Song by Mac Miller

from the album Swimming
- Released: August 3, 2018
- Recorded: November 2016
- Length: 5:48
- Label: REMember; Warner;
- Songwriters: Malcolm McCormick; Eric Gabouer; James Harris; Terry Lewis; George Jackson; Chanté Moore; Aja Grant; James Wright; Jon Brion;
- Producer: Eric G

Music video
- "2009" on YouTube

= 2009 (song) =

2018 song by Mac Miller

"2009" is a song by American rapper Mac Miller from his fifth studio album Swimming (2018). Produced by Eric G, it contains a sample of "Chanté's Got a Man" by Chanté Moore.

==Background==
Mac Miller recorded the song in November 2016, while in Seattle during his The Divine Feminine Tour. It was the first song that he recorded with Eric G in person. Miller asked him to play him some beats, and the beat for "2009" was the first or second one that Eric played. Miller put it in Pro Tools and recorded the first half of the song in a pitch black booth. He recorded the rest of the song a little later. Miller went to the studio for two days and entirely improvised the song.
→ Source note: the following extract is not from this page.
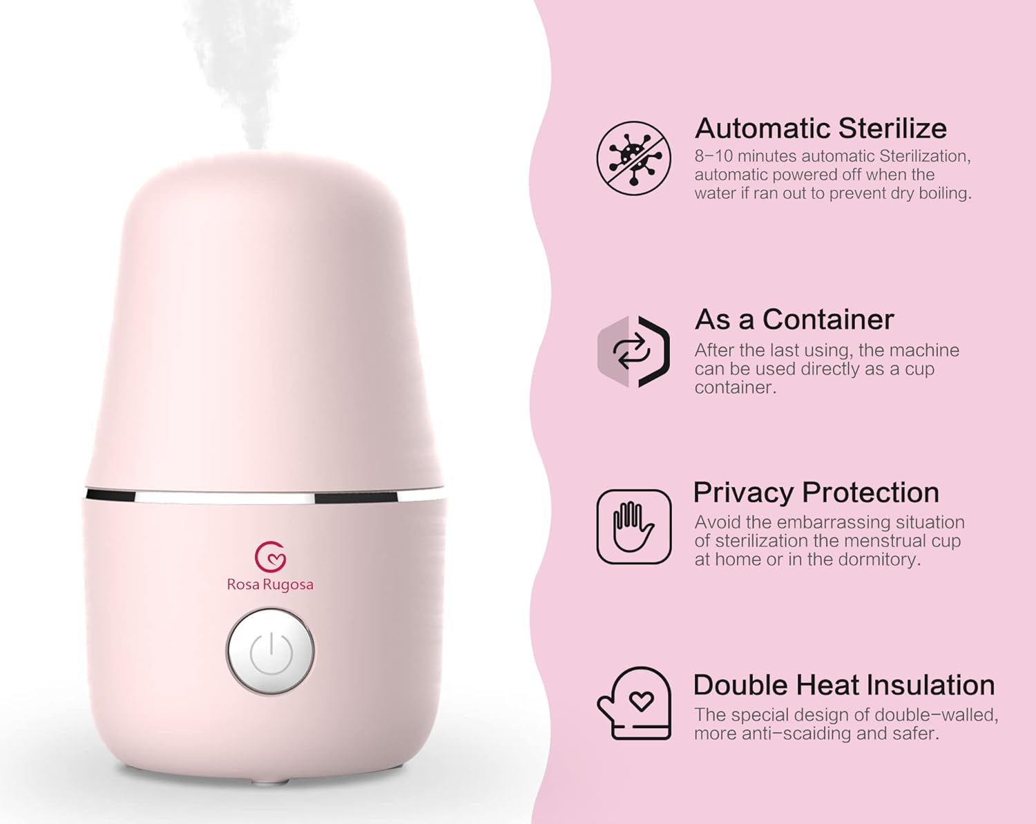 ROSA RUGOSA Menstrual Cup Sterilizer, Steamer Cleaner 3-in-1 for Cleans, Dries, and Stores Your Period Cup- Auto Shut-Off- Leak-Free - Eliminates up to 99.9%

In an interview with Vulture, Mac Miller explained the lines "Sometimes I wish I took a simpler route / Instead of having demons that’s as big as my house":

We actually joke all the time, we'll take a moment where we'll be like, Man, life would be so simple if I would've just had a job somewhere. You know, like been at one place and then come home. And there's that moment of peacefulness, when you think about it. But I would never actually do that. I'm also very attracted to my own demons. I would rather...

==Composition==
The production is composed of strings, sparse piano keys, finger snaps, and an "occasional downbeat clatter of snares". Lyrically, the song is about self-acceptance, especially in regard to acknowledging that the good times have passed, moving forward and valuing the positive aspects of the present and future, as well as restraining self-destructive behaviors. Mac Miller also expresses a newfound belief in God.

==Critical reception==
Hannah Mylrea of NME called the song a "triumph". Regarding Mac Miller's lyrics about his "demons", Mosi Reeves of Rolling Stone wrote "If he could surface those demons with more vivid details and add texture to his lyrics instead of simply using them as a rhythmic device, then he may have a genuinely classic album in him yet." Some music critics commented on the lyrics "Every day I wake up and breathe / I don't have it all but that's all right with me"; Pitchfork's Evan Rytlewski wrote that although Miller "only sounds half-convinced", "Swimming is most engaging when it details the simple things Miller tells himself to keep his spirits up." Variety's A.D. Amorosi described that the lines exemplified "a mix of the smartly nihilistic, the pragmatically cheerful and a glad-to-be-unhappy lyrical signature that's irresistible in its sourness."

==Charts==

| Chart (2018) | Peak position |
|---|---|
| US Bubbling Under Hot 100 (Billboard) | 1 |
| US Hot R&B/Hip-Hop Songs (Billboard) | 49 |

==Certifications==

| Region | Certification | Certified units/sales |
| New Zealand (RMNZ) | Gold | 15,000^{‡} |
| United States (RIAA) | Platinum | 1,000,000^{‡} |
^{‡} Sales+streaming figures based on certification alone.